Storing many schemas within a single datasource vs multiple datasources

Assume I have 2 schemas that need to be stored in Druid and rolled up.

Schema 1:

Dimensions: D1, D2, D3

Metrics: M1, M2, M3

Schema 2:

Dimensions: D2, D3, D4

Metrics: M2, M3, M4

One way of organizing this is to put each schema in its own datasource.

Schema 1 in Datasource1


Schema 2 in Datasource2

Question 1: Does it make sense to store both schemas in a single datasource ?

And have an identifier dimension say “D0” that might hold a flag with value “S1” or “S2” to denote that it belongs to that schema/datatype.

For example,

Schema 3:

Dimensions: D0, D1, D2, D3, D4

Metrics: M1, M2, M3, M4

Question 2: Will it affect performance or roll-ups (considering some dimensions/metrics might be null or empty when storing other schemas) or disk space?

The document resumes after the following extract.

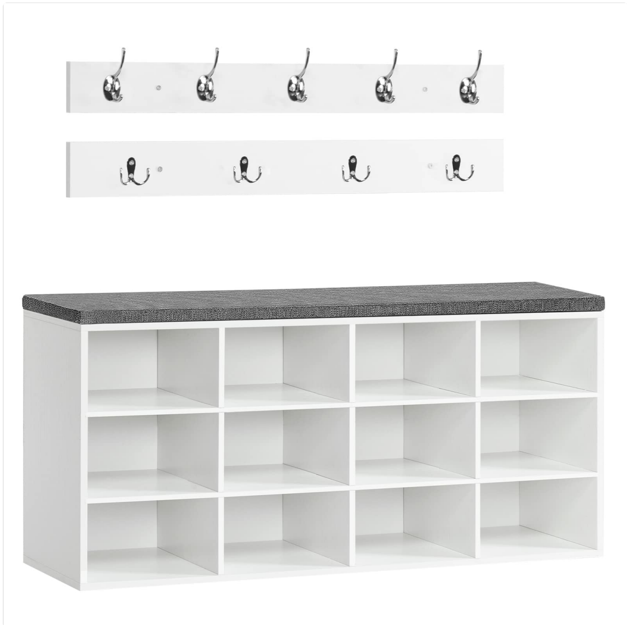
Image: The Hoobro shoe bench and coat rack fully assembled and in use in an entryway.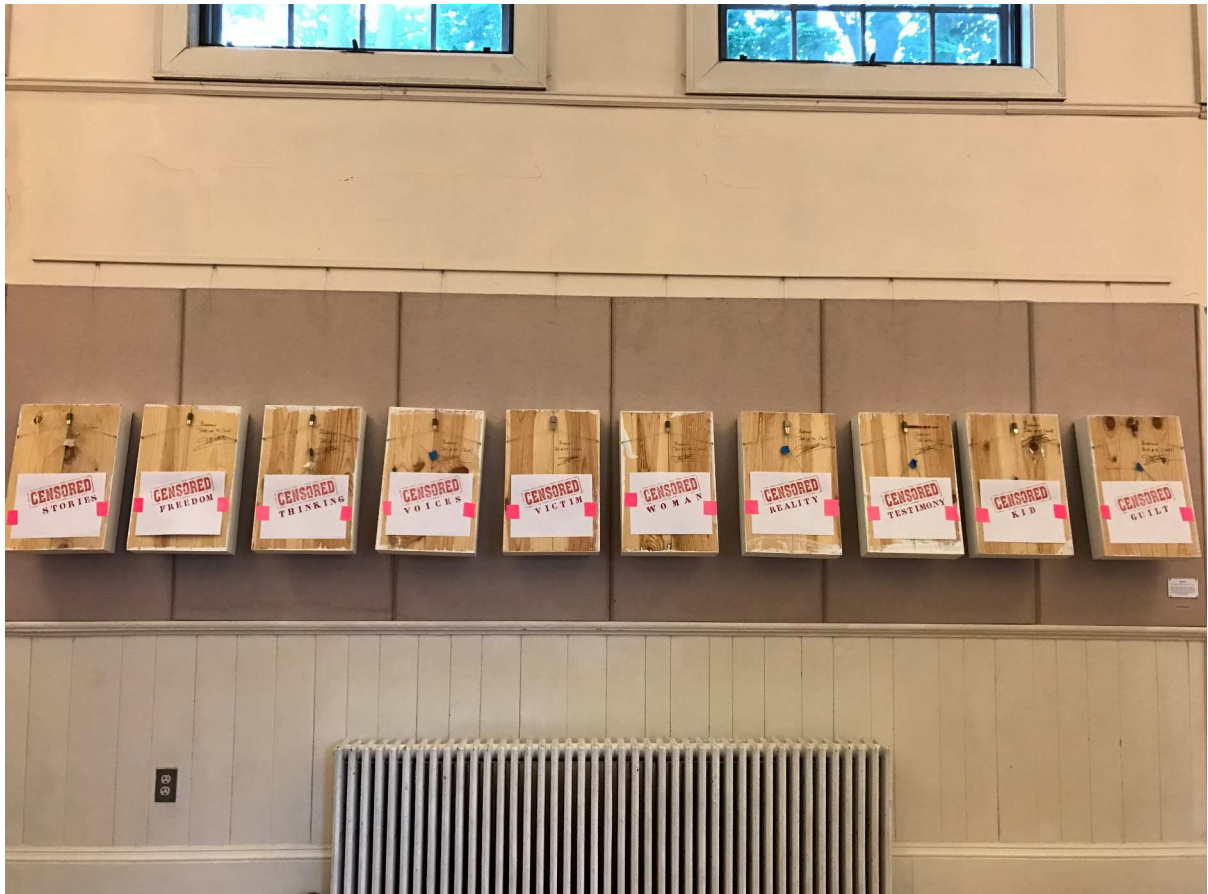
Exhibition view -Thursday afternoon: my answer to censorship

Question 3: Does Druid have a limit/best-practice on the number of dimensions or metrics we can have in a single datasource ? Is it ok to run into the thousands ?

Hi Kiran,

Thousands of columns is ok, although you might need to adjust some tuning configs away from the defaults. For example, you might need to set maxRowsInMemory and maxRowsPerSegment lower. You also might need more direct memory in druid.indexer.runner.javaOpts of your middleManager (direct memory usage increases as you add more columns).